Secondly, there were willing to believe what they heard. In other words, they trusted God. Even though it didn’t make sense. Even though believing meant their lives would change forever.

Mark two of a powerful person.

Third, they were willing to do something. They were willing to cooperate with God’s action in human history—also known as obedience. One of my favorite passages in the Bible is when Mary says yes. There is something incredibly powerful about this young girl agreeing to carry the child of God despite the consequences that might befall her. But I realized this week that Joseph’s obedience God was equally important. His cooperation went against everything he knew. Jewish law said he should return Mary to her father where that same law said she could be stoned for shaming her husband and family. But Joseph, not having all of the evidence and knowledge of the future, not having all the detail spelled out, decided to do more than law and custom required. He elected to do more than was expected of him. He let justice and compassion guide his decision about his pregnant betrothed. He was pulled, not by the strength of custom, but by the
law of love and his obedience to God.

He continued to follow God and not custom even when the baby was born. He gave the baby, not a family name, as was and still is the custom in Jewish families. He named the baby Jesus. Acknowledging that the baby belonged to God and at the same time committing the raising the child as his own.

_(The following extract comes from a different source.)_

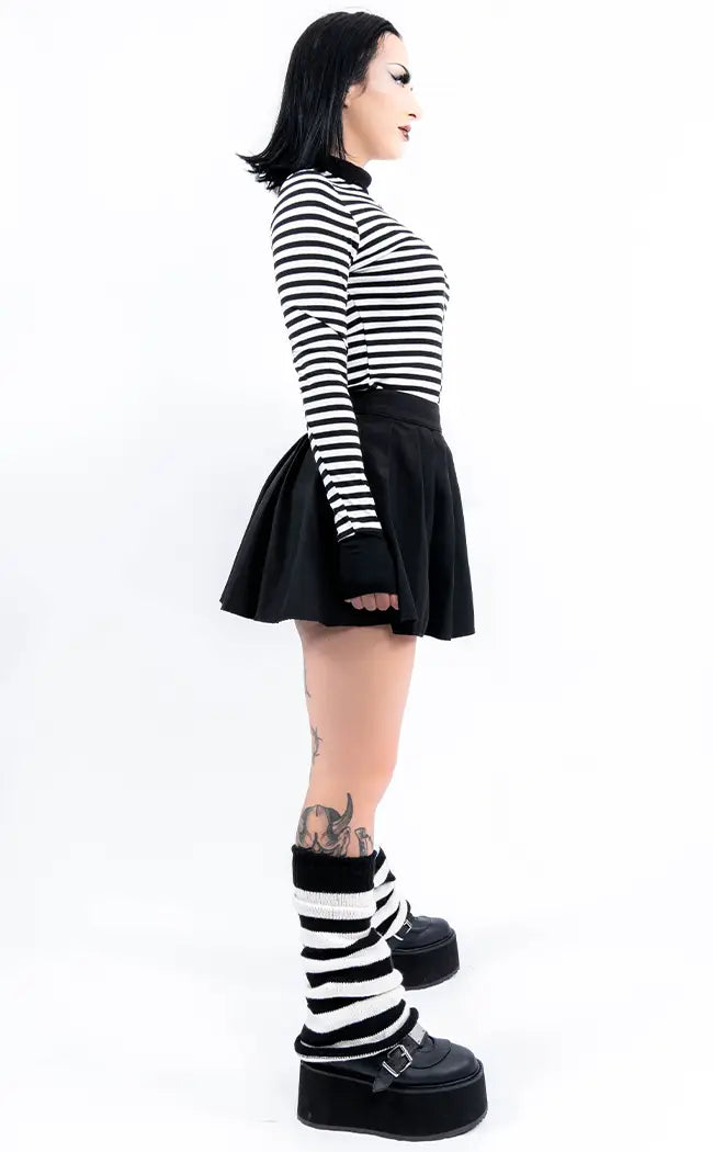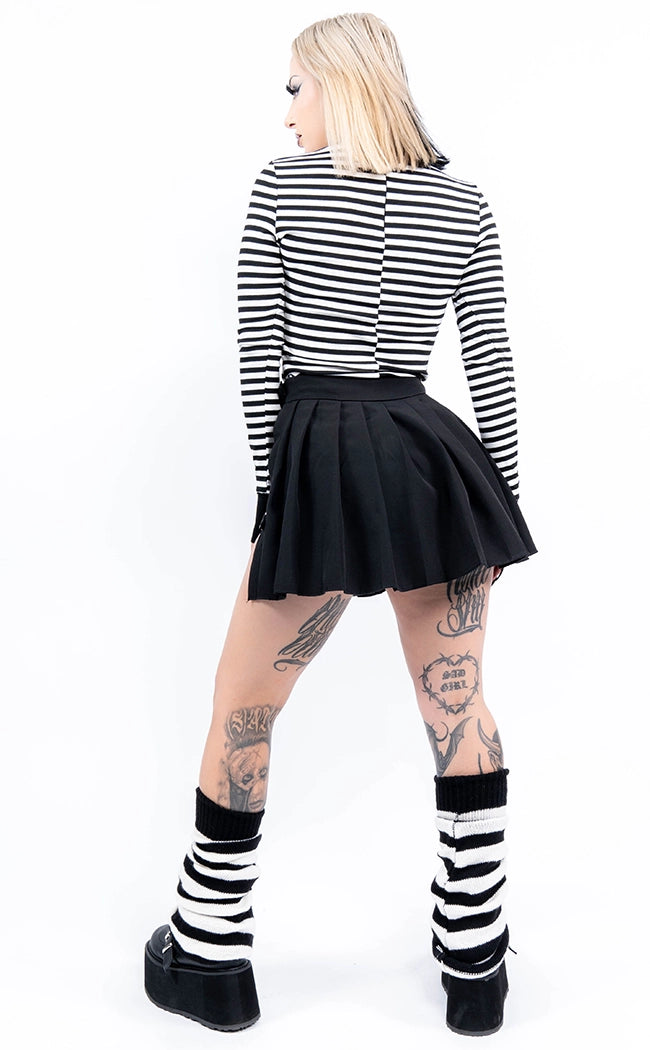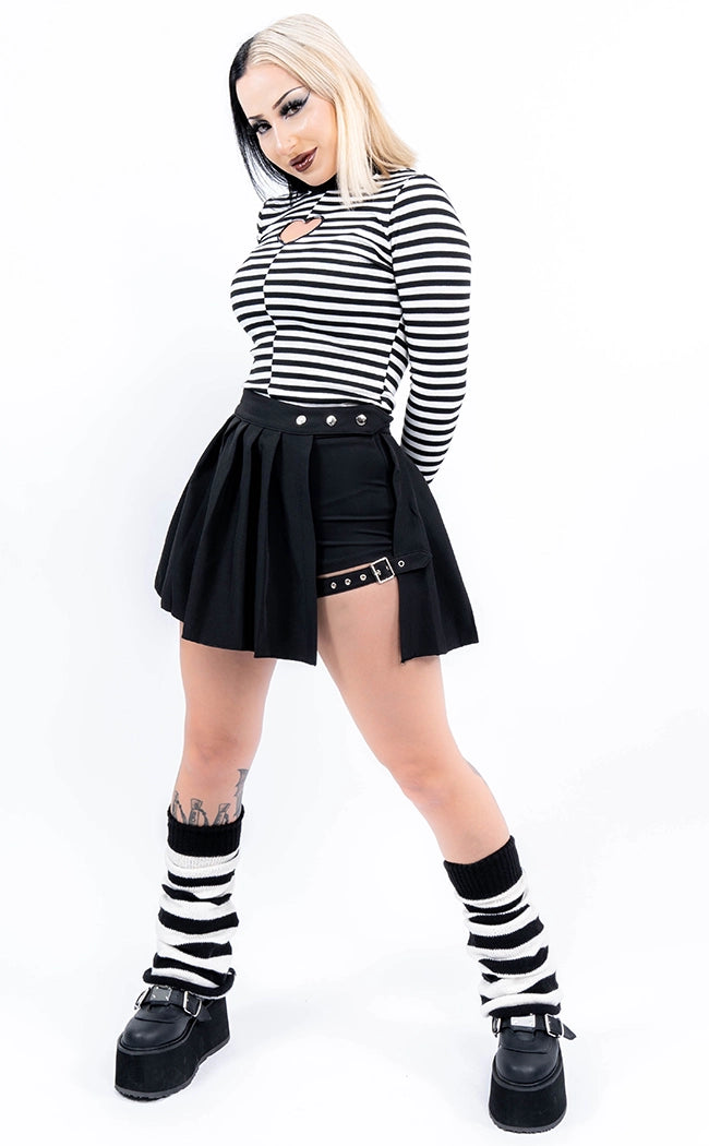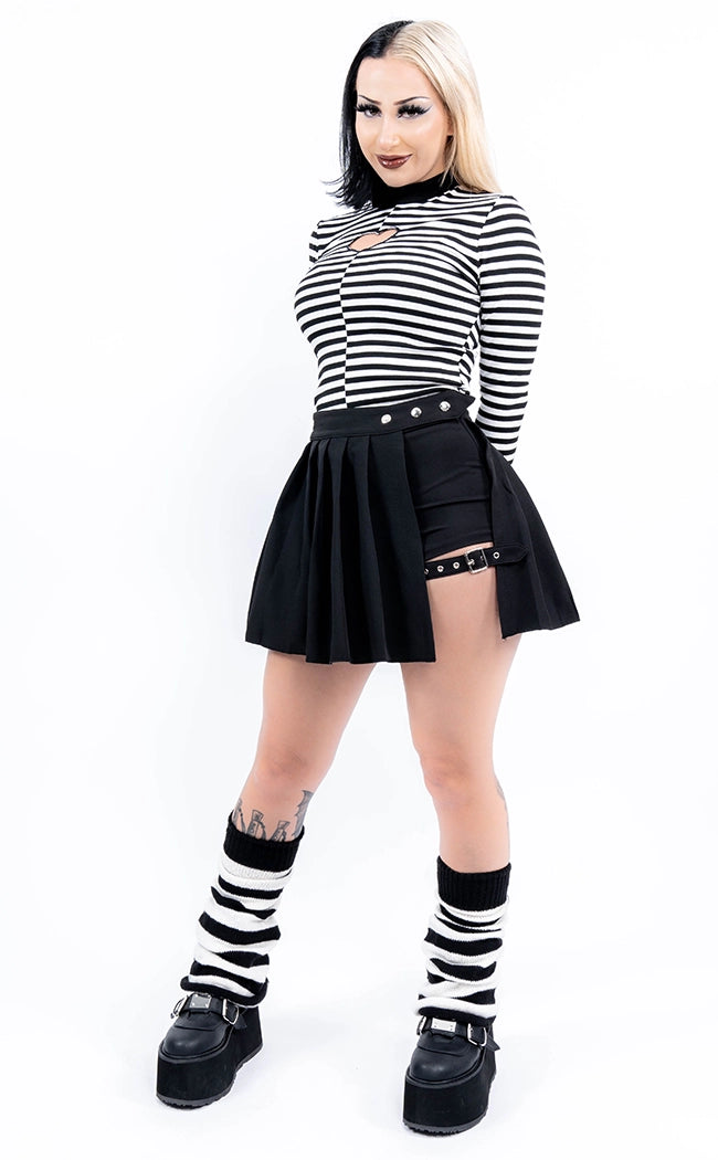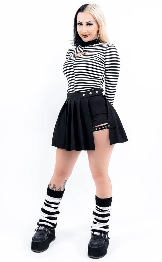 - This skirt splits on the left to reveal under-shorts and buckle features.

Mary and Joseph were willing to cooperate with God’s actions in human history.

Mark three of a powerful person.

I don’t know about you, but I would like to feel powerful right about now. There are so many times that I feel powerless. I feel powerless in the face of war in Iraq and mounting tensions in Iran, Pakistan and the Sudan. I feel powerless to even begin to meet the needs of so many people that I know of who are lonely and forgotten. I feel powerless to defend those who are being abused in their own homes. I even feel powerless to quell the unexpected melt-downs of my six-year-old!

But when I think about Mary and Joseph, I begin to believe that perhaps I am not so powerless after all. Perhaps we can all learn from them something about what it means to be powerful

Let us be open to hearing what God has to say. Open to the power of the Holy Spirit moving in our midst.

Let us believe not only in God but in what God is saying to us. Let us trust that God is leading us down the right path—even when the path looks bumpy and twisty and uncertain.

Let us cooperate with God’s actions in human history. Let us not only hear and believe, but take action. Even when it costs us. Even when it goes against custom. Even when it may sound ridiculous to those who do not hear and to those who do not believe.

The ability to hear God, the faith to believe God and the courage to cooperate with God.
Two thousand years ago, two poor, uneducated and seemingly insignifant people changed the course—some might even argue the fate—of the world.

I’m not really all that interested in the habits of highly effective people. Perhaps that’s because I’m rarely that effective. I’m a lot more intrigued by the habits of the ultimate power couple. Hear, believe and act. If we all had the courage and the faith and the power of Joseph and Mary, then the wars would cease, the hungry would be fed, homes would not be a place of fear.

We worship a powerful God and we all have the potential to be powerful people. Let us hear, believe and act. 2000 years ago, such actions brought a much-needed savior into this world. What might they accomplish today?